- Abbreviation: PPR
- Leader: Jacques Aarden (1968–1972) Bas de Gaay Fortman (1972–1977) Ria Beckers (1977–1989)
- Chairperson: Pieter Bogaers (1968–1969) Bram van Ojik (1988–1990)
- Founders: Jacques Aarden Pieter Bogaers Harry van Doorn Annie Kessel Paul Janssen
- Founded: 27 April 1968
- Dissolved: 31 December 1990
- Split from: Catholic People's Party
- Merged into: GroenLinks
- Headquarters: The Hague
- Youth wing: Politieke Partij Radikalen jongeren
- Think tank: Centrum voor Staatkundige Vorming
- Ideology: Christian left Green politics Progressivism New Left
- Political position: Left-wing
- National affiliation: Rainbow (1989–1990)
- European Parliament group: Rainbow Group
- Colours: Green (customary)

= Political Party of Radicals =

The Political Party of Radicals (Politieke Partij Radikalen, PPR) was a progressive Christian (radicaal-christelijke) and green political party in the Netherlands. The PPR played a relatively small role in Dutch politics and merged with other left-wing parties to form GroenLinks in 1991.

==History==
===Before 1968===
The foundation of the PPR is linked to the formation of the De Jong cabinet and the Christian Democratic Appeal (CDA).

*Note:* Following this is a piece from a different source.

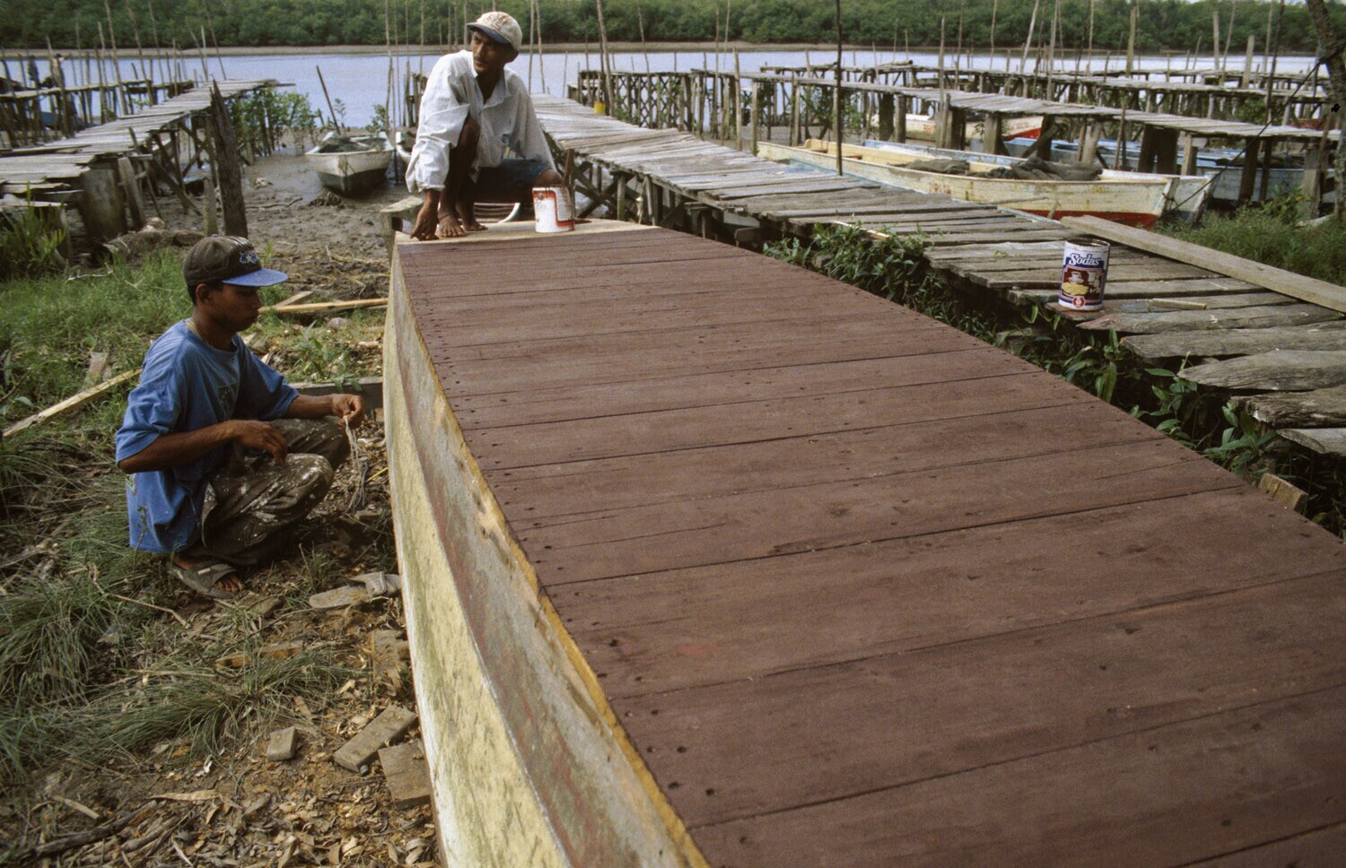 Nieuw Nickerie; bootwerkers; de een dicht de naden; de andere lakt

After the 1967 general election, it became clear that a centre-right cabinet would be formed by the Anti-Revolutionary Party (ARP) and Christian Historical Union (CHU), the Catholic People's Party (KVP) and the People's Party for Freedom and Democracy (VVD). Progressive forces within the KVP and ARP had hoped for the formation of a centre-left cabinet with the Labour Party (PvdA) without the participation of the CHU and the VVD.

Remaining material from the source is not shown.